## Action item
Repeat what the lines below say, word for word, and skip every image.

## Dataset content
►

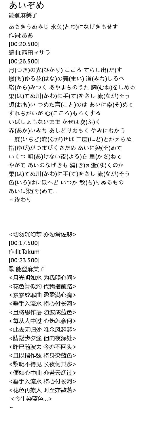| [00:01.120] | あさきうめみじ 永久(とわ)になげきもせす |
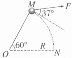 1. (2025·山东烟台市龙口市段考)水平桌面上,长$6\mathrm{m}$的轻绳一端固定于$O$点,如图所示(俯视图),另一端系一质量$m = 2.0\mathrm{kg}$的小球。现对小球施加一个沿桌面大小不变的力$F = 10\mathrm{N}$,$F$拉着小球从$M$点运动到$N$点,$F$的方向始终与小球的运动方向成$37^{\circ}$角。已知小球与桌面间的动摩擦因数$\mu = 0.2$,不计空气阻力,$g$取$10\mathrm{m/s^{2}}$,$\sin 37^{\circ}=0.6$,$\cos 37^{\circ}=0.8$,则下列说法正确的是(
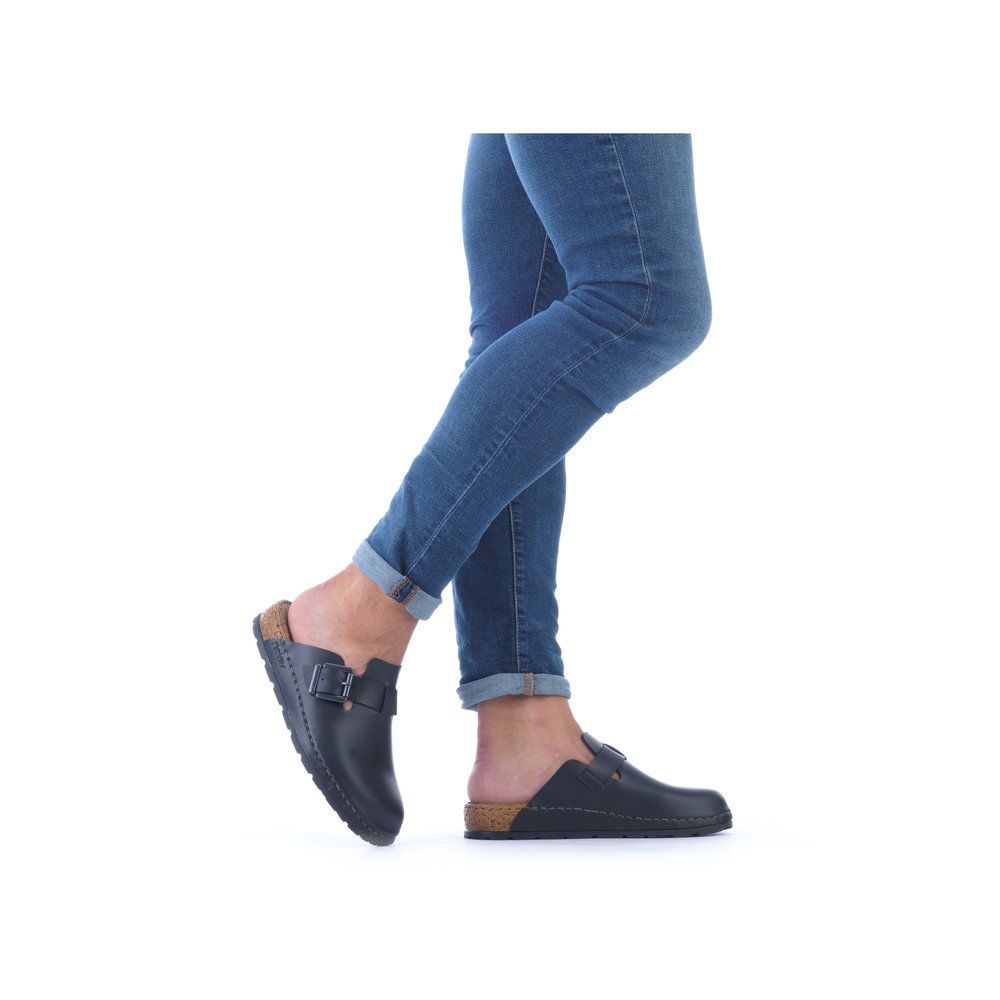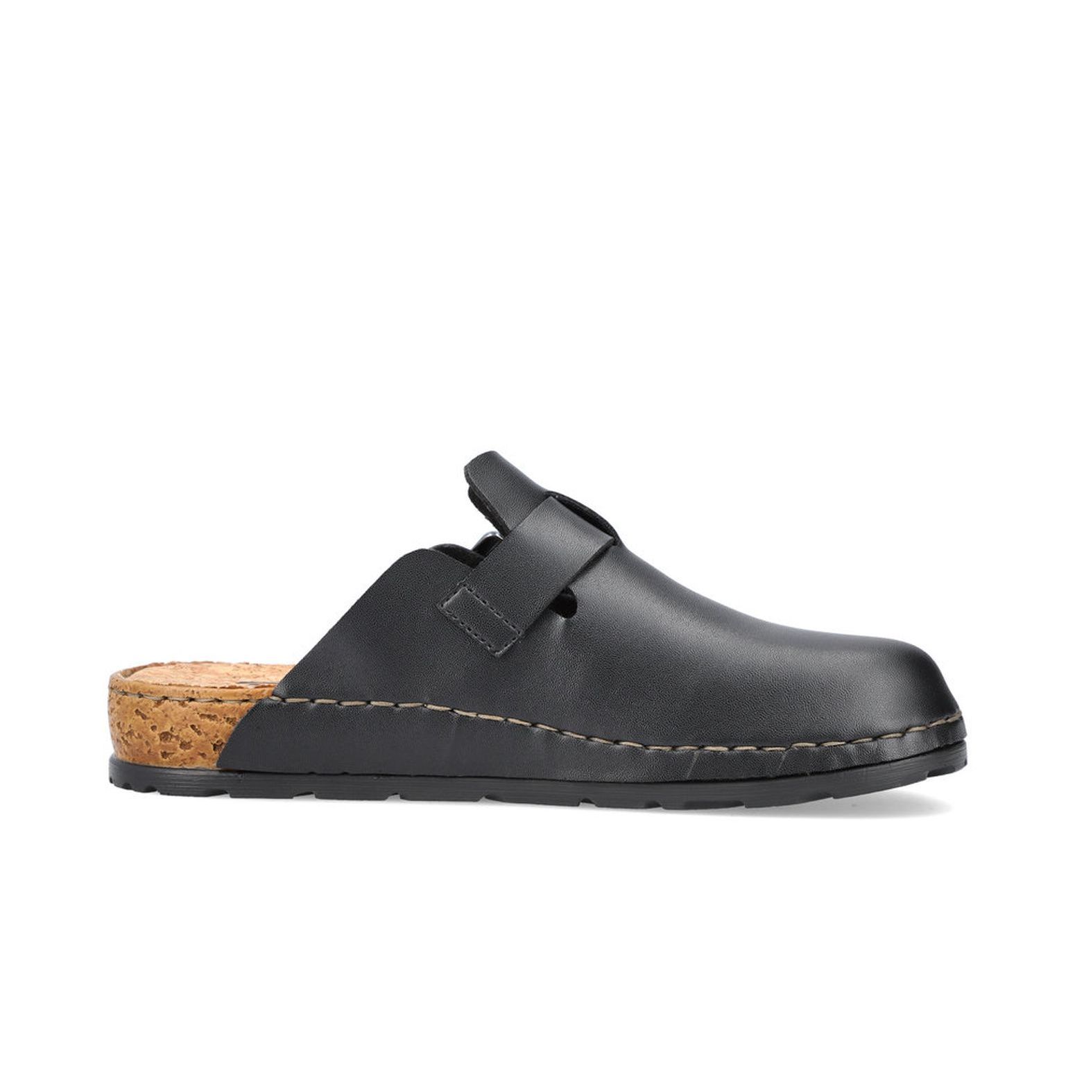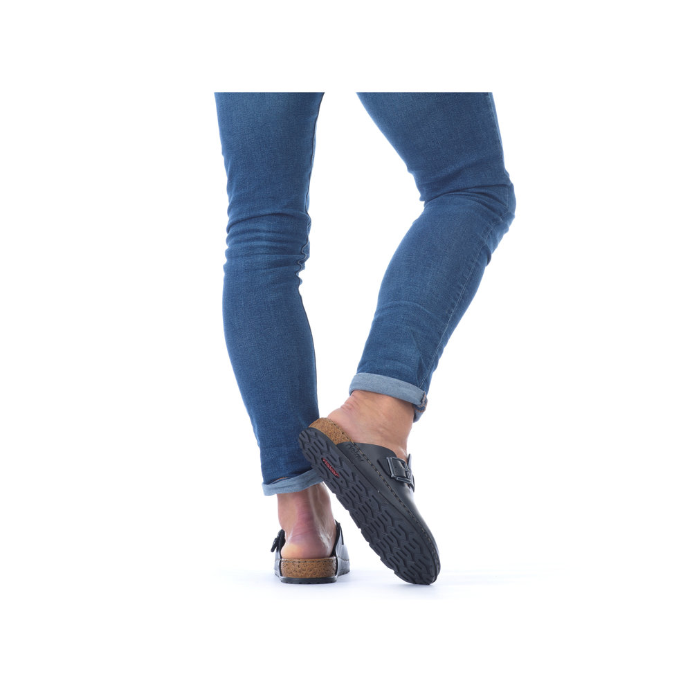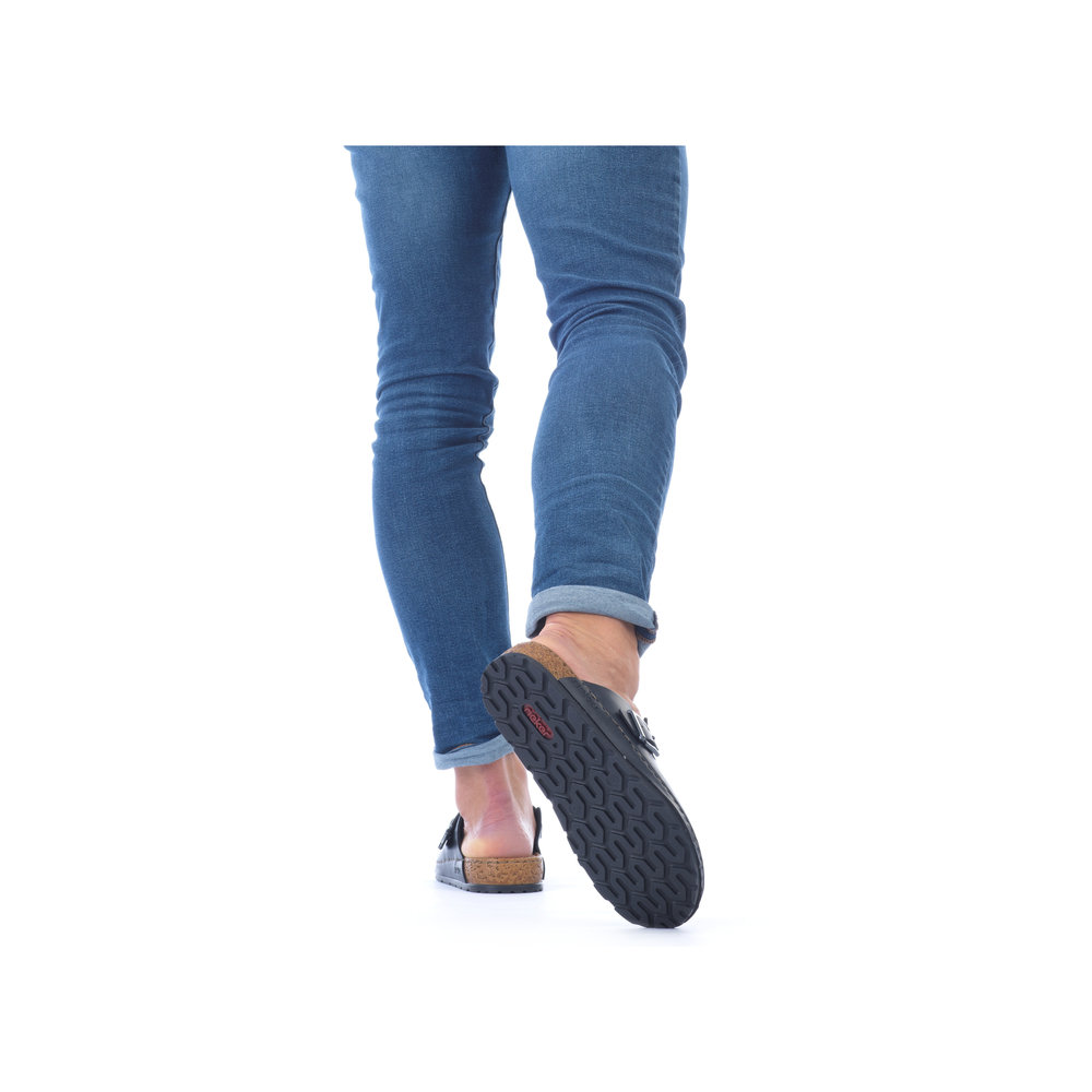 Pohodlné pánské pantofle od značky Rieker v černé barvě budou skvělým doplňkem ke kraťasům nebo riflím. Kdo má rád pantofle s uzavřenou špicí, je tento model skvělou volbou. Celkový vzhled podtrhne pásek s ozdobnou sponou a kontrastní světlé šití po obvodu obuvi. Maximální pohodlí po celý den Vám zajistí příjemně měkká stélka. Technologie: Antistress - podešev je díky této technologii lehká, flexibilní, absorbuje nárazy při došlapu a snadno se přizpůsobí každé noze.
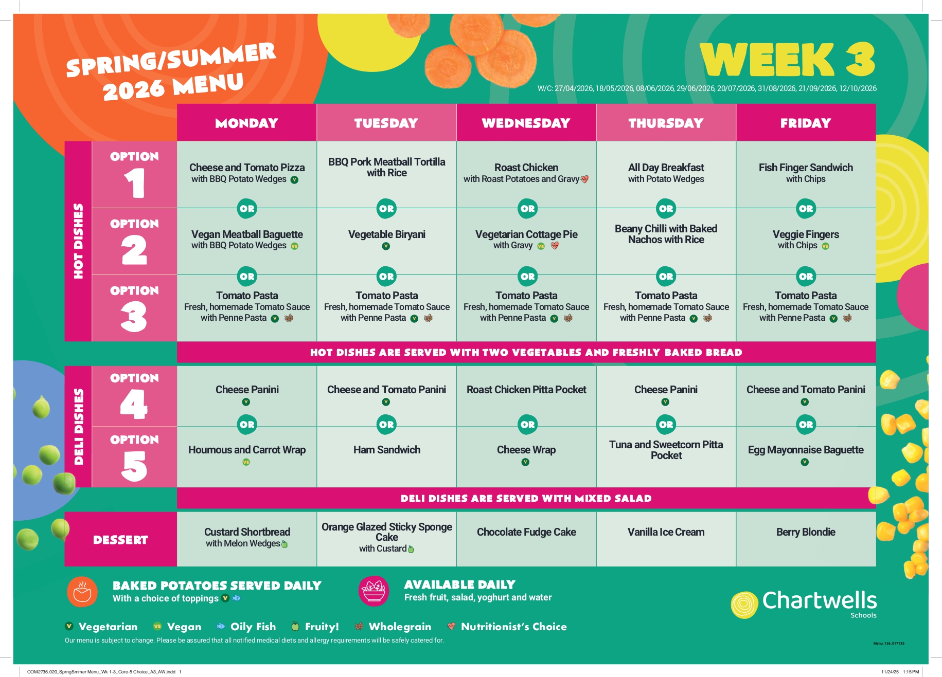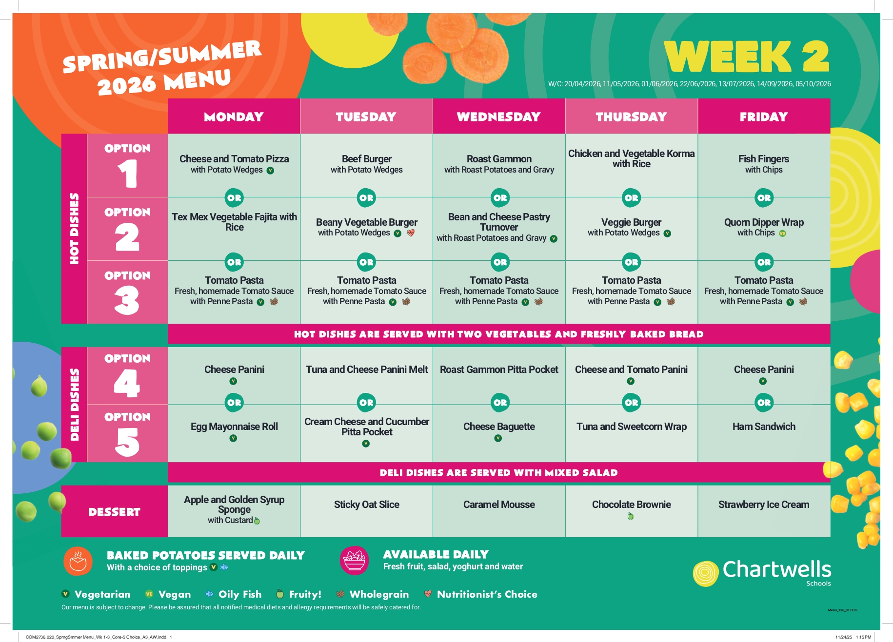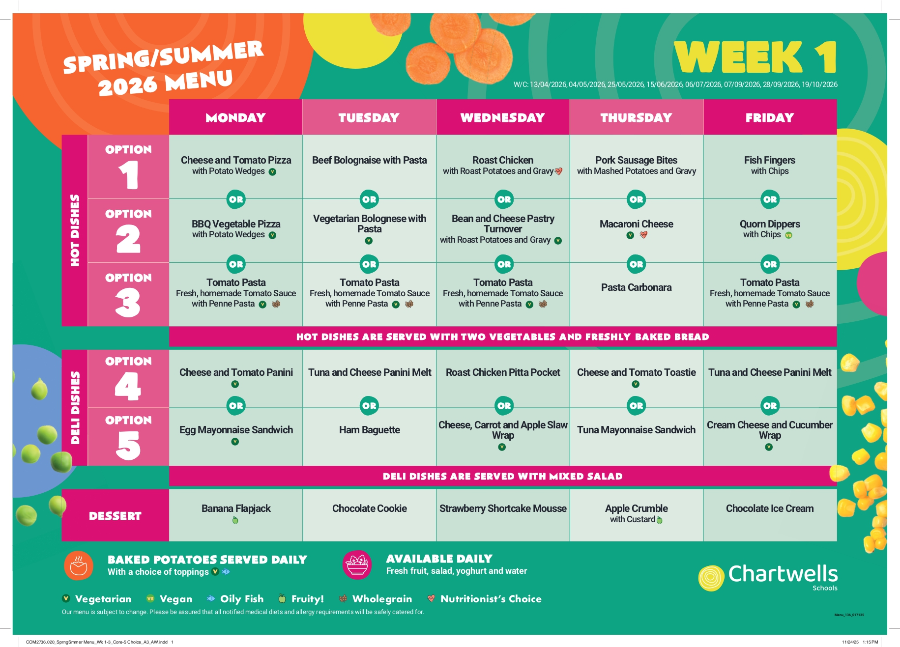 With effect from the Summer Term, Monday 13th April, we will be switching to a new catering provider, Chartwells. You can learn more about Chartwells here.

◄

## Exercise output
| [00:01.120] | あさきうめみじ 永久(とわ)になげきもせす |
 1. (2025·山东烟台市龙口市段考)水平桌面上,长$6\mathrm{m}$的轻绳一端固定于$O$点,如图所示(俯视图),另一端系一质量$m = 2.0\mathrm{kg}$的小球。现对小球施加一个沿桌面大小不变的力$F = 10\mathrm{N}$,$F$拉着小球从$M$点运动到$N$点,$F$的方向始终与小球的运动方向成$37^{\circ}$角。已知小球与桌面间的动摩擦因数$\mu = 0.2$,不计空气阻力,$g$取$10\mathrm{m/s^{2}}$,$\sin 37^{\circ}=0.6$,$\cos 37^{\circ}=0.8$,则下列说法正确的是(
 Pohodlné pánské pantofle od značky Rieker v černé barvě budou skvělým doplňkem ke kraťasům nebo riflím. Kdo má rád pantofle s uzavřenou špicí, je tento model skvělou volbou. Celkový vzhled podtrhne pásek s ozdobnou sponou a kontrastní světlé šití po obvodu obuvi. Maximální pohodlí po celý den Vám zajistí příjemně měkká stélka. Technologie: Antistress - podešev je díky této technologii lehká, flexibilní, absorbuje nárazy při došlapu a snadno se přizpůsobí každé noze.
 With effect from the Summer Term, Monday 13th April, we will be switching to a new catering provider, Chartwells. You can learn more about Chartwells here.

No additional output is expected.